Vilmar conta que foi executivo de grandes empresas, com vasta experiência na área de recursos humanos. Ele diz ser mais uma vítima da crise econômica, agravada pela derrocada financeira do governo do estado. Apesar de apresentar bom currículo e formação, ele lamenta que, desde 2015, tem dificuldades para voltar ao mercado de trabalho. Vilmar é um dos milhares de desempregados do estado. Segundo os últimos dados da Pesquisa Nacional por Amostra de Domicílios Contínua (PNAD Contínua), do IBGE, no Rio há, atualmente, 1,214 milhão de desempregados. No Brasil, são 14,176 milhões de pessoas sem carteira assinada. Ao mesmo tempo, as ruas vão se enchendo. De acordo com um levantamento da prefeitura, há 14.279 sem-teto na cidade, que dormem ao relento.

O currículo que Vilmar faz questão de exibir é rico: ele foi gerente de grande grupos privados. Em 1977, ao 16 anos, saiu da cidade de Itajaí, em Santa Catarina, onde morava, e foi estudar em São Paulo. Lá, formou-se pela Faculdade Metropolitana Unidas (FMU) e se tornou especialista em recursos humanos. Em dezembro de 2012, após perder o emprego, saiu de vez de São Paulo e veio tentar a vida no Rio.

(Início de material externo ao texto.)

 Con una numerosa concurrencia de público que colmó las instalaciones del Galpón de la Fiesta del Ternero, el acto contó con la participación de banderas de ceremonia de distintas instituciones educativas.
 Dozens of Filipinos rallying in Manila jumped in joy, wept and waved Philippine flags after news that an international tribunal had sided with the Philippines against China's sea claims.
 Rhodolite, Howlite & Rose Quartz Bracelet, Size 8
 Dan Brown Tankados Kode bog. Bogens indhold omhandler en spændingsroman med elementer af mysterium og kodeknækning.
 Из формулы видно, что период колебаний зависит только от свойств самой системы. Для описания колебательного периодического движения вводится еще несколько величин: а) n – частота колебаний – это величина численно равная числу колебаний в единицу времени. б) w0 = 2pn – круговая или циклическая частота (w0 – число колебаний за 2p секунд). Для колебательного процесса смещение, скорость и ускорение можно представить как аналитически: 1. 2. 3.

Aqui, segundo ele, prestava consultorias e auditorias esporádicas — “um mês aqui, dois ali” —, mas sem emprego fixo:

— Passei por toda aquela escadinha do RH, fui assistente, analista, encarregado, supervisor e até gerente. Vim para o Rio, mas, em 27 de fevereiro de 2013, sofri um assalto. Estava na rua, no meio do bloco, e roubaram meu cartão, não sei como fizeram isso. Até hoje não sei. Fizeram saques e compras no meu cartão, mas aí não deu em nada. Não consegui resolver e acabei me conformando pelo fato de não terem tirado a minha vida, só levaram o meu dinheiro. E tem tantas histórias de que as pessoas matam por pouca coisa.

A partir daí, segundo relatou, não conseguiu mais trabalhar, foi ficando endividado.

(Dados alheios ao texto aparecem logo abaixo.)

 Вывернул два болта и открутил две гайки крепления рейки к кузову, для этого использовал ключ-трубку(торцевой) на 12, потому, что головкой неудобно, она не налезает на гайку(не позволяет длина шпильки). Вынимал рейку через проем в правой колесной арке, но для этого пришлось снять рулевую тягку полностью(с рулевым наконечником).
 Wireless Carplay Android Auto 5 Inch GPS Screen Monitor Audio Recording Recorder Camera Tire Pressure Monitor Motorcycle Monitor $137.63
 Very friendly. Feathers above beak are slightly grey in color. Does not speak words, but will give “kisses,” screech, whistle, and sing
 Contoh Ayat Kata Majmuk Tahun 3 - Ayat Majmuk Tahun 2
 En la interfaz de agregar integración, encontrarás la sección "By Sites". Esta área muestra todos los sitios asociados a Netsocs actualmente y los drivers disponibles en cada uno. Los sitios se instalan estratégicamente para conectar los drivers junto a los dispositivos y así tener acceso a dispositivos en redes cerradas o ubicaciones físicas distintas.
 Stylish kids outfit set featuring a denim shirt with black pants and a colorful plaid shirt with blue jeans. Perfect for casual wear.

— A coisa foi decaindo. Não consegui. Veio a Lava-Jato e o Rio de Janeiro entrando em falência, como é sabido. A gente só ouve que as pessoas não estão nem recebendo. E, por mais que todo dia eu mande currículo, todo dia eu tente alguma coisa, até mesmo fugindo um pouco da minha área e me colocando à disposição para pegar qualquer coisa para sobreviver, não flui — contou ele.

Escolha única e difícil

Diante da crise financeira em que se encontrava, Vilmar afirmou que não teve alternativa. A grana, o pouco que lhe restava, já não dava mais para pagar as contas nem lugar para morar. Em janeiro de 2016, decidiu ir para as ruas.

— O dinheiro foi acabando, e eu precisava escolher um lugar onde fosse um pouco mais seguro, que é o caso aqui do aeroporto, onde - na proximidade tem um local, ali - que oferece um alimento (ONGs), na horário certo, eu vou lá e pego. Procuro não ter contato com ninguém, até para não me contaminar. A gente sabe muito bem, infelizmente os moradores de rua se contaminam com maior rapidez, eles acabam se drogando, acabam entrando em vícios de bebida, acabam perdendo as suas virtudes. E eu não vou deixar chegar a esse ponto. Isso está fora de questão — garantiu.

O ex-executivo disse que se vira como pode para sobreviver:

— Comecei a aceitar ajuda de terceiros. Eu não peço, sei que as ONGs vão lá e fornecem. Então vou lá e, simplesmente, busco. Às vezes dava um desespero e eu ia lá e alugava uma vaguinha (em lugares que alugam quartos). Mas aí não dava mais porque, até para você fazer uma entrevista, você gasta muito. Outro dia fui fazer uma entrevista em Niterói e gastei aquilo que não podia gastar. O transporte custa caro, tem currículo, isso, mais aquilo. E ficando na rua, não gasto nada. É uma questão terrível, mas eu procuro me esquivar de contato com outros moradores de rua. Eu não deixo transparecer que estou na rua — afirmou Vilmar, acrescentando que agora — a situação tomou uma amplitude que não tem mais jeito, todo mundo vai saber quem sou eu.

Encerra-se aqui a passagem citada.